> _EXERCISE REQUIREMENTS_:
Copy all the entries below exactly, but not the pictures.

• • • •

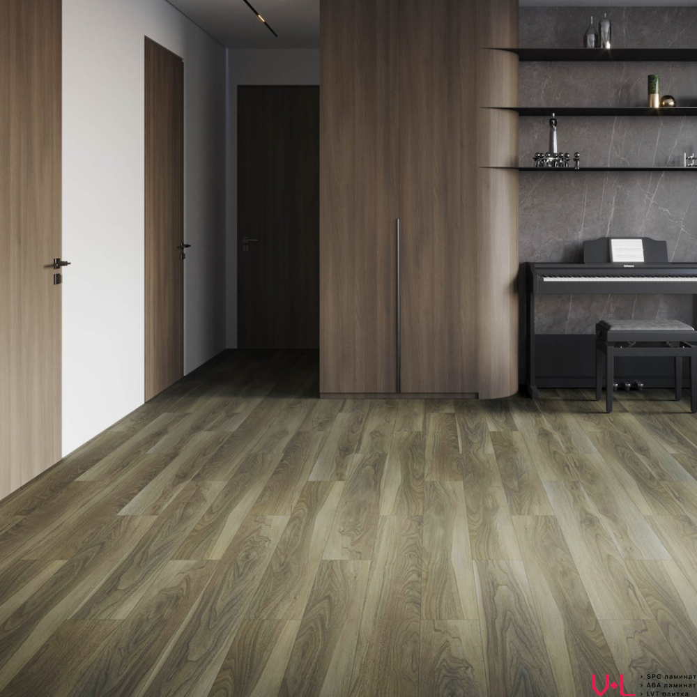 Покрытие точно имитирует текстуру дерева и напоминает по внешнему виду натуральный орех. Благодаря синхронному тиснению, рисунок совпадает с текстурой плитки, создавая эффект натурального деревянного пола. Изделие подойдёт для таких помещений, как кухня, спальня, гостиная, детская, коридор, ванная или офис. Покрытие устойчиво к царапинам и воздействию влаги.
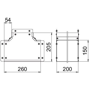 Single Compartment Tee Internal Cover, Pre-Galvanised Steel to suit Cable Trunking 200mm x 150mm
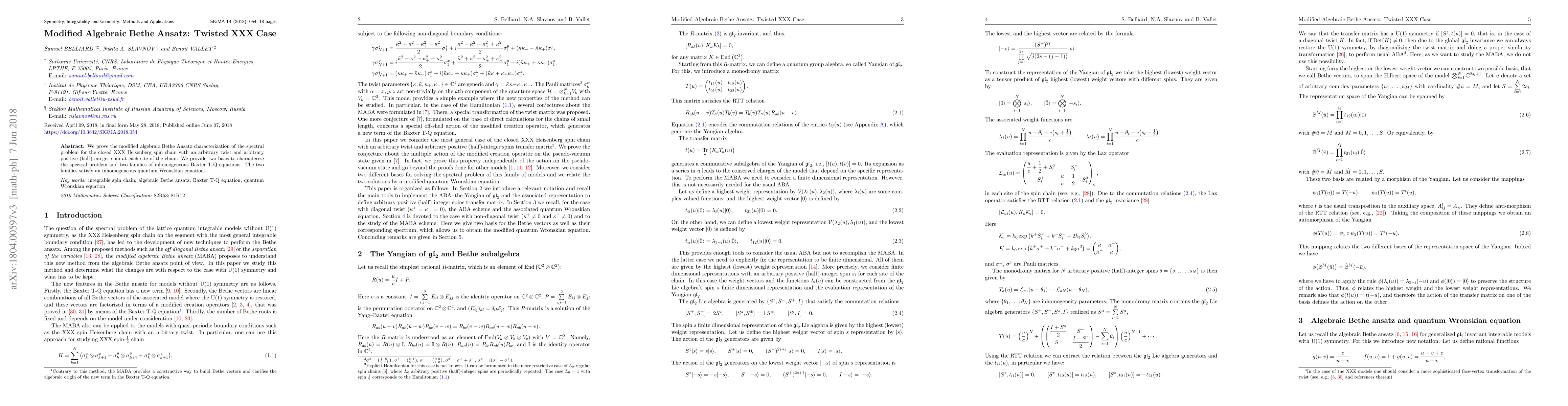 This paper establishes the modified algebraic Bethe Ansatz for the closed XXX Heisenberg spin chain with arbitrary twist and spin, introducing two bases and two families of Baxter T-Q equations that satisfy an inhomogeneous quantum Wronskian equation.
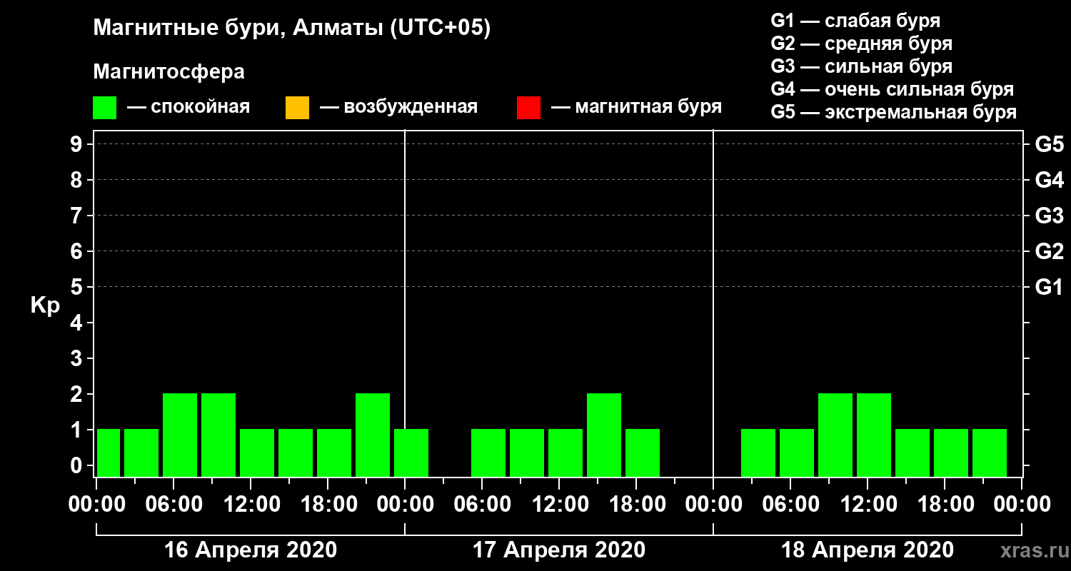 Изменения геомагнитного индекса Kp с 16 по 18 апреля 2020 года для средних широт
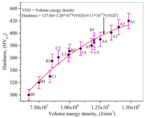 Figure 16 displays the direct correlation between the laser volume energy density and hardness value. An increase in the laser volume energy density conveys more energy to a given area that causes more laser energy storage at that particular region. The indenter will need a higher load to enter that regime, resulting in an elevated hardness value. Upon comparing the results from Figure 15 and Figure 16, it can be concluded that the hardness value is defined by the volumetric energy, involving the thermal gradient and solidification rate, thus defining the printed samples’ morphology.
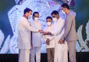 “සම්ප්රදායික, නිර්මාණාත්මක කර්මාන්තයක යෙදී සිටින අපේ ප්රජාව බලගැන්වීම සඳහා අද තබනු ලැබූ ඉදිරි පියවර සම්බන්ධයෙන් ග්රාමීය කර්මාන්ත ප්රවර්ධන රාජ්ය අමාත්යාංශය යටතේ ක්රියාත්මක ජාතික ශිල්ප සභාවට අපේ සුබාශිංසන ප්රථම කොටම පුද කරනවා. අපේ ඉතිහාස කතාව තුළ අපටම ආවේණික වූ කලාවන් සහ කර්මාන්තයන් රැසක් අපට හමුවෙනවා. මම ළඟදි දුටුවා වීඩියෝ පටයක්. එහි දැක්වෙනවා, කැනඩාවේ හෝ යුරෝපා රටක විදේශිකයෙක්, තවත් විදේශිකයකුට ලංකාවෙන් රැගෙන ගිය පැරණි කඩුවක තිබෙන කැටයම් පිළිබඳ වර්ණනා කරන ආකාරය. ‘ඒ කඩුවෙන් මැරුම් කෑවත් කමක් නැහැ’ කියා අයෙකුට හිතෙන අන්දමේ මවිතය දනවන කැටයම් එහි තිබුණා. තමන්ගේ සුරත, දෑත යොදාගනිමින් අපේ පැරැන්නන් ඉතා ඉවසීමෙන්, සංයමයකින් භාවනාවක යෙදෙන ආකාරයට තමයි මේ කලා කෘති අපේ ප්රජාවට දායාද කළේ.
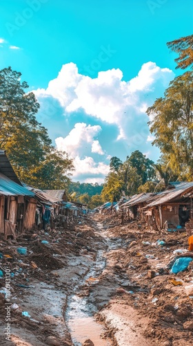 © Trionorejo, Obraz premium A narrow, muddy path lined with makeshift shelters under a bright sky.
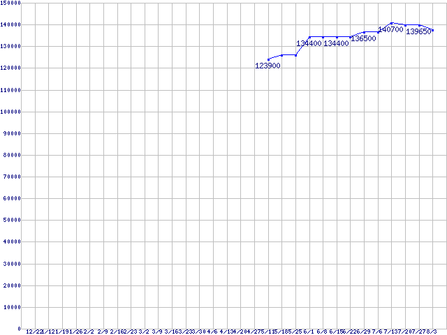 | Socket F (FSB 1000MHz,L2 1MBx2,Dual Core,TDP 120W)の最安値推移 | | | (2006年12月22日~2007年8月3日) |
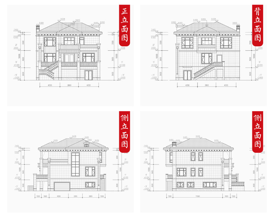 建筑平面圖:一層平面圖,二層平面圖,三層平面圖; 建筑立面圖:東立面圖,西立面圖,南立面圖,北立面圖,剖面圖; 大樣圖:樓梯詳圖,細(xì)部大樣,門窗大樣 |

• • • •

> _ANSWER BOX_:
 Покрытие точно имитирует текстуру дерева и напоминает по внешнему виду натуральный орех. Благодаря синхронному тиснению, рисунок совпадает с текстурой плитки, создавая эффект натурального деревянного пола. Изделие подойдёт для таких помещений, как кухня, спальня, гостиная, детская, коридор, ванная или офис. Покрытие устойчиво к царапинам и воздействию влаги.
 Single Compartment Tee Internal Cover, Pre-Galvanised Steel to suit Cable Trunking 200mm x 150mm
 This paper establishes the modified algebraic Bethe Ansatz for the closed XXX Heisenberg spin chain with arbitrary twist and spin, introducing two bases and two families of Baxter T-Q equations that satisfy an inhomogeneous quantum Wronskian equation.
 Изменения геомагнитного индекса Kp с 16 по 18 апреля 2020 года для средних широт
 Figure 16 displays the direct correlation between the laser volume energy density and hardness value. An increase in the laser volume energy density conveys more energy to a given area that causes more laser energy storage at that particular region. The indenter will need a higher load to enter that regime, resulting in an elevated hardness value. Upon comparing the results from Figure 15 and Figure 16, it can be concluded that the hardness value is defined by the volumetric energy, involving the thermal gradient and solidification rate, thus defining the printed samples’ morphology.
 “සම්ප්රදායික, නිර්මාණාත්මක කර්මාන්තයක යෙදී සිටින අපේ ප්රජාව බලගැන්වීම සඳහා අද තබනු ලැබූ ඉදිරි පියවර සම්බන්ධයෙන් ග්රාමීය කර්මාන්ත ප්රවර්ධන රාජ්ය අමාත්යාංශය යටතේ ක්රියාත්මක ජාතික ශිල්ප සභාවට අපේ සුබාශිංසන ප්රථම කොටම පුද කරනවා. අපේ ඉතිහාස කතාව තුළ අපටම ආවේණික වූ කලාවන් සහ කර්මාන්තයන් රැසක් අපට හමුවෙනවා. මම ළඟදි දුටුවා වීඩියෝ පටයක්. එහි දැක්වෙනවා, කැනඩාවේ හෝ යුරෝපා රටක විදේශිකයෙක්, තවත් විදේශිකයකුට ලංකාවෙන් රැගෙන ගිය පැරණි කඩුවක තිබෙන කැටයම් පිළිබඳ වර්ණනා කරන ආකාරය. ‘ඒ කඩුවෙන් මැරුම් කෑවත් කමක් නැහැ’ කියා අයෙකුට හිතෙන අන්දමේ මවිතය දනවන කැටයම් එහි තිබුණා. තමන්ගේ සුරත, දෑත යොදාගනිමින් අපේ පැරැන්නන් ඉතා ඉවසීමෙන්, සංයමයකින් භාවනාවක යෙදෙන ආකාරයට තමයි මේ කලා කෘති අපේ ප්රජාවට දායාද කළේ.
 © Trionorejo, Obraz premium A narrow, muddy path lined with makeshift shelters under a bright sky.
 | Socket F (FSB 1000MHz,L2 1MBx2,Dual Core,TDP 120W)の最安値推移 | | | (2006年12月22日~2007年8月3日) |
 建筑平面圖:一層平面圖,二層平面圖,三層平面圖; 建筑立面圖:東立面圖,西立面圖,南立面圖,北立面圖,剖面圖; 大樣圖:樓梯詳圖,細(xì)部大樣,門窗大樣 |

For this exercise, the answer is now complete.